▶ [WORK REQUEST]:
Two lines below mark the span: the one containing "13 ธันวาคม 2025" and the one containing "وَلا يَلْزَمُ الْمَوْهُوبَ". Set down both, plus every line between, exactly as they stand, and nothing else.

▶ [DATA FOR THIS EXERCISE]:
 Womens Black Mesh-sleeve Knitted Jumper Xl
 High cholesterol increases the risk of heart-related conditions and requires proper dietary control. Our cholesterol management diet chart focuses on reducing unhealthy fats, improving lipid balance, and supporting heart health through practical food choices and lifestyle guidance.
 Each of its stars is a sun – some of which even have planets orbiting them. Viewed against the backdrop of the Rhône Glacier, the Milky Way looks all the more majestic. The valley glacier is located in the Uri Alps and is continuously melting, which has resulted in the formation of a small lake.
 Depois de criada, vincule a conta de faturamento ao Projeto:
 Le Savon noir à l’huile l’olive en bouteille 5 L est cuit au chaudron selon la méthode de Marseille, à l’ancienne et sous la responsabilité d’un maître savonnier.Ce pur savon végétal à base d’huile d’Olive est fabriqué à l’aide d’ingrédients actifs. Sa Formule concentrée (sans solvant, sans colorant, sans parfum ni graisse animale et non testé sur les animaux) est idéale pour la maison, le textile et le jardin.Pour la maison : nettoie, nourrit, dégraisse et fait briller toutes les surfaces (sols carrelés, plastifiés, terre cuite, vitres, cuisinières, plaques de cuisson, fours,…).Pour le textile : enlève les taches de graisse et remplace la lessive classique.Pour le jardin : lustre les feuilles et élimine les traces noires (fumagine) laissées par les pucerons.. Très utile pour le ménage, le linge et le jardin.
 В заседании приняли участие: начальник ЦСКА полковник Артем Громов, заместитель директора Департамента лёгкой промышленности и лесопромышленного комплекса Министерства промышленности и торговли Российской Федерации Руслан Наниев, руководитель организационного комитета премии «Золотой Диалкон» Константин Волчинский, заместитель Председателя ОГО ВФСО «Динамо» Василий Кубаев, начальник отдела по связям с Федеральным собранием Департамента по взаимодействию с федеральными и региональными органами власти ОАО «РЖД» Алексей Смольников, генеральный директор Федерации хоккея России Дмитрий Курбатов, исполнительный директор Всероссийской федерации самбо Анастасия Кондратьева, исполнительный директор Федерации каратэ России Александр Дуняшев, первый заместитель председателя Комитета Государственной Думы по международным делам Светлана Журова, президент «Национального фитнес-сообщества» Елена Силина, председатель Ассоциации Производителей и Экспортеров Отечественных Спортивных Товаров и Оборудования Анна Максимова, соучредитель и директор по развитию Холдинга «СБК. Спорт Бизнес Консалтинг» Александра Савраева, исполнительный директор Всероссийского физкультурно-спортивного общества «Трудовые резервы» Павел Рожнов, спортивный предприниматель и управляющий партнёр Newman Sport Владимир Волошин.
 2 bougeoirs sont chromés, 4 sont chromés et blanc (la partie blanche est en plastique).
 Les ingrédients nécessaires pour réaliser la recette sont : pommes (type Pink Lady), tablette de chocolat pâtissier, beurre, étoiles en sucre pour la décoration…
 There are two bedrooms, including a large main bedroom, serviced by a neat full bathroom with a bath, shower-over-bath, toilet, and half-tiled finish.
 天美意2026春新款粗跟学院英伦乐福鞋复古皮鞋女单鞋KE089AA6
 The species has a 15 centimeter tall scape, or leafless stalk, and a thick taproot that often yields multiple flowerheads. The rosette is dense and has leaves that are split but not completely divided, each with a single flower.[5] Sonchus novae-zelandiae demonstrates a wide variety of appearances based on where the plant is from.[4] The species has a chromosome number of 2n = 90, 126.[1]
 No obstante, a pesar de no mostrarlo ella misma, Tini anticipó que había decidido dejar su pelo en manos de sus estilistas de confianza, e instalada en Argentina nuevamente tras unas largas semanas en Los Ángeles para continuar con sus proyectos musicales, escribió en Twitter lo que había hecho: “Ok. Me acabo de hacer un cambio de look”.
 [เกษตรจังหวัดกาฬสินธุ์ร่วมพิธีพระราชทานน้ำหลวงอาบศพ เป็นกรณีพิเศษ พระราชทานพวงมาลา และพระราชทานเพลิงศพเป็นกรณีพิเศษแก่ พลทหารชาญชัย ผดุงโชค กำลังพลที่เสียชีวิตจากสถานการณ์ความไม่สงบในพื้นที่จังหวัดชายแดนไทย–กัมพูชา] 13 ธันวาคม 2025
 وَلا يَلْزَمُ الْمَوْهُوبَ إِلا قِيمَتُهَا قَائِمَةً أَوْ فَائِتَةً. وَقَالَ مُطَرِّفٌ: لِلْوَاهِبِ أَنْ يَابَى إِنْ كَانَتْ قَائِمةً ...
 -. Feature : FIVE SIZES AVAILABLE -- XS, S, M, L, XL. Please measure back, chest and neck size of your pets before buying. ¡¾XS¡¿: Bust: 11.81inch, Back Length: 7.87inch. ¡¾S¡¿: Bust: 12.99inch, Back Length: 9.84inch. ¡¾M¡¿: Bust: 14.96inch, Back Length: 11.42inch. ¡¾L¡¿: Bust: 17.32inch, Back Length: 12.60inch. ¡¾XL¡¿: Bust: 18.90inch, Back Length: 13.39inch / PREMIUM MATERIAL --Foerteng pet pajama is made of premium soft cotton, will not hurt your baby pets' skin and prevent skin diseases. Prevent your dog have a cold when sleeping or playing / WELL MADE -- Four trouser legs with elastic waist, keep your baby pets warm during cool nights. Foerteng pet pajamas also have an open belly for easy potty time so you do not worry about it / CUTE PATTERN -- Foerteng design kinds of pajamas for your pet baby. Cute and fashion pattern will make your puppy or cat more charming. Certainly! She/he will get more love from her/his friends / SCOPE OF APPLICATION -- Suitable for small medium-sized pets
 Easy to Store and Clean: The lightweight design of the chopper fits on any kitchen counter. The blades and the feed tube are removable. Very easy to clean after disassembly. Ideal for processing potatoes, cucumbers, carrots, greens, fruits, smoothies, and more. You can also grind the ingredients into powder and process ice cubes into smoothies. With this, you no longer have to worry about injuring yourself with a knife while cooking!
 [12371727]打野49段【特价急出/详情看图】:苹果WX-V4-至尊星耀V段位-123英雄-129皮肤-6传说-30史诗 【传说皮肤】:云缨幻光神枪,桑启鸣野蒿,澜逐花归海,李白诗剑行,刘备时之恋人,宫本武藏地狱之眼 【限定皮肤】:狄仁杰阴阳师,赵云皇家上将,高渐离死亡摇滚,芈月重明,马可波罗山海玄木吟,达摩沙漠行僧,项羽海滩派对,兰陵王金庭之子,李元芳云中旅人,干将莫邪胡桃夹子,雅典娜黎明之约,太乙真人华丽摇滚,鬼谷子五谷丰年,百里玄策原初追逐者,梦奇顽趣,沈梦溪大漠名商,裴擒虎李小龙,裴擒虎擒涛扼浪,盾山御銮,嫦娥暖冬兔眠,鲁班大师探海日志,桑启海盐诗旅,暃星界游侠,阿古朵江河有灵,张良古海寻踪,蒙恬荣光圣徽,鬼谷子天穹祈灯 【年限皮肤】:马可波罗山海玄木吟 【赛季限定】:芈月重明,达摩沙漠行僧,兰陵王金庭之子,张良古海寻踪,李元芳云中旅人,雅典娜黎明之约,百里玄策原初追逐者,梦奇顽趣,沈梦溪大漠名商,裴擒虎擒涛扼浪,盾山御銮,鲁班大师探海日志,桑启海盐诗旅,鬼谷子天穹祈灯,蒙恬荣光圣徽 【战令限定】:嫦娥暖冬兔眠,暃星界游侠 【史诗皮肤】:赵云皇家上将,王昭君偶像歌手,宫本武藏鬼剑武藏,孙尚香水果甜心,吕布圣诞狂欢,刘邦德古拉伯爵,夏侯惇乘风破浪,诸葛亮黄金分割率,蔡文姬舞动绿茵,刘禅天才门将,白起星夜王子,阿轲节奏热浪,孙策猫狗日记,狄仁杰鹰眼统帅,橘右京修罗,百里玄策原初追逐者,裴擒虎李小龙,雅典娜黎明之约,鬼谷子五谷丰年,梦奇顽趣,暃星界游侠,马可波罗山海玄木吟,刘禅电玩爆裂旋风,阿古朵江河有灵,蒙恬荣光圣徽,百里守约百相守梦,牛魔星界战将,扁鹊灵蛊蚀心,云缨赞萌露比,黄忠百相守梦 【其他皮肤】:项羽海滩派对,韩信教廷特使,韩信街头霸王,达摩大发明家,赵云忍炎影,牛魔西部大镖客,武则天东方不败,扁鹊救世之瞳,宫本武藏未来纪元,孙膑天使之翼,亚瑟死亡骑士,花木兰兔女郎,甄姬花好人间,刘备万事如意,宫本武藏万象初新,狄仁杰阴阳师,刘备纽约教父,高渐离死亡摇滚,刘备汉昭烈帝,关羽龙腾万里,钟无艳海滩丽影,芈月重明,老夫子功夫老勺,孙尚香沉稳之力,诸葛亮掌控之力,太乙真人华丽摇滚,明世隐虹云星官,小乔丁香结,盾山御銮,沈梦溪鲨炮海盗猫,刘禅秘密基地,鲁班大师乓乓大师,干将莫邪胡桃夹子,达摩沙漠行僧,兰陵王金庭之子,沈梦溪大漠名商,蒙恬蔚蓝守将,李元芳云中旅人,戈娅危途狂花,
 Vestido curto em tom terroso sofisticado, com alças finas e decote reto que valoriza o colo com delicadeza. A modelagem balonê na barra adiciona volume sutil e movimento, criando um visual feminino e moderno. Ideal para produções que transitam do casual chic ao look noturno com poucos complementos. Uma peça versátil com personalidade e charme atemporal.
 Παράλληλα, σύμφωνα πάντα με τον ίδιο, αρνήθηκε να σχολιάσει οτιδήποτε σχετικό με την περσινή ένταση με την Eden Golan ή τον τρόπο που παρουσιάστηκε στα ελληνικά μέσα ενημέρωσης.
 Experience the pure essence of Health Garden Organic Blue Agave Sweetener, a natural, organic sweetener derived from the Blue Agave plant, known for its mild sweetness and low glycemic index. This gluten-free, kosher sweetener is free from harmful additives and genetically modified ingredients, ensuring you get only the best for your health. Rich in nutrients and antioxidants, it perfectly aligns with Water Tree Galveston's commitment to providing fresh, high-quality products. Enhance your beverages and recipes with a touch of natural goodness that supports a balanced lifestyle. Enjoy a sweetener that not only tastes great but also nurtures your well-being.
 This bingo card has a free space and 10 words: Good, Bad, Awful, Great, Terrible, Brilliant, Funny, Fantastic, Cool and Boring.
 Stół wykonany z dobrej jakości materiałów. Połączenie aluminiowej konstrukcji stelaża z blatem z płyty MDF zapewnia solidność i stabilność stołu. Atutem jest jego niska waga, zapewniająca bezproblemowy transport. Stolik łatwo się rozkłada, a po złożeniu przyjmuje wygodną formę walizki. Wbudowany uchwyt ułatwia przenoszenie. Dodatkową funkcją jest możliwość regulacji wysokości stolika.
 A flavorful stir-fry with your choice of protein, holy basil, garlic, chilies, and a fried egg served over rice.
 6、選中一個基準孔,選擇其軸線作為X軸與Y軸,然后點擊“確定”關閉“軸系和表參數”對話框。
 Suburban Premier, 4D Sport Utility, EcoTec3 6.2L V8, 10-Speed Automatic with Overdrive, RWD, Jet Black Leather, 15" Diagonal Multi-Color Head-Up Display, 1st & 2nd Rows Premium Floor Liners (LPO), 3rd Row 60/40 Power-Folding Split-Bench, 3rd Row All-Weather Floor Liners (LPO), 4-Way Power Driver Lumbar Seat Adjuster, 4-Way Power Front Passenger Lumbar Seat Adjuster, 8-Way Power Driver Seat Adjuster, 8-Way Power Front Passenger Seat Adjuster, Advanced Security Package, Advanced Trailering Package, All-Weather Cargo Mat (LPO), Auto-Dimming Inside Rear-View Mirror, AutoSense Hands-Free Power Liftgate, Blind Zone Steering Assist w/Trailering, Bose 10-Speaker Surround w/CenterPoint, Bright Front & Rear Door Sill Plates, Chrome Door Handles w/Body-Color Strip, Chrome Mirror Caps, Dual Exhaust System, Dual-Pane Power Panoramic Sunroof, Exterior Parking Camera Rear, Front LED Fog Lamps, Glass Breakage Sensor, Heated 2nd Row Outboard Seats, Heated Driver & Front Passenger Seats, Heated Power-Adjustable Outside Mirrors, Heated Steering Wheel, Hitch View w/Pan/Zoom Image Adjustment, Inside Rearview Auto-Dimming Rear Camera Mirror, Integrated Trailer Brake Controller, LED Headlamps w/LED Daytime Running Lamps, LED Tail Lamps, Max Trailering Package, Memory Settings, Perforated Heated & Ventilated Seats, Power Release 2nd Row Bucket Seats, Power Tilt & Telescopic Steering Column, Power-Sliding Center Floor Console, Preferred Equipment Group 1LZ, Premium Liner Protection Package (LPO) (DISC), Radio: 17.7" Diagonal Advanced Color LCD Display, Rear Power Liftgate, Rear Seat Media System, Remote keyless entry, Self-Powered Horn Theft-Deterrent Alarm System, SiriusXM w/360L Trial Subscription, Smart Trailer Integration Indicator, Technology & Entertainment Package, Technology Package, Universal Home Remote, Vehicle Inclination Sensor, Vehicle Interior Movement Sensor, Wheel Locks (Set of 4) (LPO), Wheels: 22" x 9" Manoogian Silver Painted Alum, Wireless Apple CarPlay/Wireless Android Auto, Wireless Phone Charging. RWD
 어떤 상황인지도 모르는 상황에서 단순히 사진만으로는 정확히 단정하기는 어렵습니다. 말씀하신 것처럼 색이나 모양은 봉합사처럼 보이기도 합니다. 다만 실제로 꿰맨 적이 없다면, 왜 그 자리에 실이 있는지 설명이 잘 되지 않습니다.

▶ [ANSWER]:
 [เกษตรจังหวัดกาฬสินธุ์ร่วมพิธีพระราชทานน้ำหลวงอาบศพ เป็นกรณีพิเศษ พระราชทานพวงมาลา และพระราชทานเพลิงศพเป็นกรณีพิเศษแก่ พลทหารชาญชัย ผดุงโชค กำลังพลที่เสียชีวิตจากสถานการณ์ความไม่สงบในพื้นที่จังหวัดชายแดนไทย–กัมพูชา] 13 ธันวาคม 2025
 وَلا يَلْزَمُ الْمَوْهُوبَ إِلا قِيمَتُهَا قَائِمَةً أَوْ فَائِتَةً. وَقَالَ مُطَرِّفٌ: لِلْوَاهِبِ أَنْ يَابَى إِنْ كَانَتْ قَائِمةً ...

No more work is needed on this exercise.